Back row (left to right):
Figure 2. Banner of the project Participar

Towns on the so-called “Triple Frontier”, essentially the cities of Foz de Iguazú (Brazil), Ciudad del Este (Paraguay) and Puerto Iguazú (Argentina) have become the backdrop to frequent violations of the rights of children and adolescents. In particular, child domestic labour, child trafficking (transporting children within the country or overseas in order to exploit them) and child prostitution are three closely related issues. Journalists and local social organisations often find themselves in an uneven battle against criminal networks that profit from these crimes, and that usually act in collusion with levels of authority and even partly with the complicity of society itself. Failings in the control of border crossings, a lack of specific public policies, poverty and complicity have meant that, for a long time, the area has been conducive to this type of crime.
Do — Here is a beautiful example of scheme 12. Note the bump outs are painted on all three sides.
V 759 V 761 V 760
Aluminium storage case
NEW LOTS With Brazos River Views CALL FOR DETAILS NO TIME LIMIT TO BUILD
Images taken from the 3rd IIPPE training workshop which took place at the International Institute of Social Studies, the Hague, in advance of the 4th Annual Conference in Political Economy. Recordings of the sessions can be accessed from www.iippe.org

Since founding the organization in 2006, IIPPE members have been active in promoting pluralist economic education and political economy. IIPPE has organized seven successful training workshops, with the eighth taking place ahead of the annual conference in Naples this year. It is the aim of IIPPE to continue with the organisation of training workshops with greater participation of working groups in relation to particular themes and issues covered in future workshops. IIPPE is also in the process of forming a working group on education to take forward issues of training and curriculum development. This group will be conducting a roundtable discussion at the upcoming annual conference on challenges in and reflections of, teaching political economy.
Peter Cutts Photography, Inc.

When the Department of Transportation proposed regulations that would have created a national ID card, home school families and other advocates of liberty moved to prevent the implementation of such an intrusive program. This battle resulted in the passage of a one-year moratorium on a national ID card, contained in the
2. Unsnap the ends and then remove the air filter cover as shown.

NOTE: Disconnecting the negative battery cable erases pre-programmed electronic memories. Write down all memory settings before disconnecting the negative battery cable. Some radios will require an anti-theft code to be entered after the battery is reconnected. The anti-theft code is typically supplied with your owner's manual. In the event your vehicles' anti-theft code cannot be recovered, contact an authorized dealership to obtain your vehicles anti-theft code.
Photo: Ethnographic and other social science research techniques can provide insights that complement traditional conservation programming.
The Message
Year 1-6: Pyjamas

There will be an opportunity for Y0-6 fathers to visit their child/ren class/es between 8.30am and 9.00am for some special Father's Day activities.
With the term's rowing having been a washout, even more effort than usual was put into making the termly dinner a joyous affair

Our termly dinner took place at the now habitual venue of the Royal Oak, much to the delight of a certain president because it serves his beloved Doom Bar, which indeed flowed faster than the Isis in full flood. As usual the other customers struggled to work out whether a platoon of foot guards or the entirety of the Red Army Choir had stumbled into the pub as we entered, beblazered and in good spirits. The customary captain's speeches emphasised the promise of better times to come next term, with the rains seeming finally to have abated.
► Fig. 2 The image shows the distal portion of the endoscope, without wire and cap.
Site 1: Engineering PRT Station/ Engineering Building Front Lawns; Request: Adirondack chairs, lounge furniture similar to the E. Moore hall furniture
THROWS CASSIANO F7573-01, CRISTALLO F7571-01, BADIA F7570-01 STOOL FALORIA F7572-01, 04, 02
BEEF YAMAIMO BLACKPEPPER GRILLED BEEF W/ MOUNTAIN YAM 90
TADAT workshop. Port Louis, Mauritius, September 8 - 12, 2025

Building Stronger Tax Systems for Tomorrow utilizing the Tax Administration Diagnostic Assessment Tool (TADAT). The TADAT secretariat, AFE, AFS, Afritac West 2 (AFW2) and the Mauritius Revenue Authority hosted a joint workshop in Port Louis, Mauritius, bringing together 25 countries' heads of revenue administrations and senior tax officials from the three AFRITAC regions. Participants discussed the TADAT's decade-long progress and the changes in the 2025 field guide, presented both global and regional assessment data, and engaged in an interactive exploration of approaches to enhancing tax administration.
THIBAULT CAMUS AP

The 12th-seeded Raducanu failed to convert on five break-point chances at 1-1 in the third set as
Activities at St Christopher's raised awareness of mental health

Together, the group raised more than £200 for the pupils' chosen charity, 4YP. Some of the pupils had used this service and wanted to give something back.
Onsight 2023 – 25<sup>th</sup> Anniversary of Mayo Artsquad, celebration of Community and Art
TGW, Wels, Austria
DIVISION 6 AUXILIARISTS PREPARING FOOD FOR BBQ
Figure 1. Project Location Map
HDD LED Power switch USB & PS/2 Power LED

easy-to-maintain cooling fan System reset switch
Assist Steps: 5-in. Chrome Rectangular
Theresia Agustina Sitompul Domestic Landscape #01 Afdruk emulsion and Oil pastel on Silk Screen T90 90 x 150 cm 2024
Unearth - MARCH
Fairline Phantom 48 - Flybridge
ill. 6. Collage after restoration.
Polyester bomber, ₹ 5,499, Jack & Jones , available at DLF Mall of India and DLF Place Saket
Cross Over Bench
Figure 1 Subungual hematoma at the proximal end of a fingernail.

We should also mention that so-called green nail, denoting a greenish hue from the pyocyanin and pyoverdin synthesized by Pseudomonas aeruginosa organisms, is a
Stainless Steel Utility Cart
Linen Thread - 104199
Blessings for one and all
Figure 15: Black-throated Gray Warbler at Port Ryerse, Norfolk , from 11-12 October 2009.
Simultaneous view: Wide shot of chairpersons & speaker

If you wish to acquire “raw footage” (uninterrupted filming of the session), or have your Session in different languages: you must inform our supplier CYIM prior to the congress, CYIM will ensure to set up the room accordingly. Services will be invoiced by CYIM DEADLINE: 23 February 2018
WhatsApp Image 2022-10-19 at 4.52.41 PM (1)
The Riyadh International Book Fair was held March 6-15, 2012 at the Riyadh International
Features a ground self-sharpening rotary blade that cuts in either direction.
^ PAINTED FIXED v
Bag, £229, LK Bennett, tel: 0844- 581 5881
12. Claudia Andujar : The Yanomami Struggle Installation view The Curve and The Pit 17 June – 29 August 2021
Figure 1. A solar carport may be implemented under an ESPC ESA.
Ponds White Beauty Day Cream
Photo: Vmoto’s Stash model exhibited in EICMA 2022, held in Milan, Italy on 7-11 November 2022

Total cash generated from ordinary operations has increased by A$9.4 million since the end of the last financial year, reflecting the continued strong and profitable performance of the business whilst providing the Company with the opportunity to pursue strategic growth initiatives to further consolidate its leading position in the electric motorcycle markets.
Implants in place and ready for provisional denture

[Activity] Search the entries above for lines containing the word "held", and copy each one.

[Reply]
The Riyadh International Book Fair was held March 6-15, 2012 at the Riyadh International
Photo: Vmoto’s Stash model exhibited in EICMA 2022, held in Milan, Italy on 7-11 November 2022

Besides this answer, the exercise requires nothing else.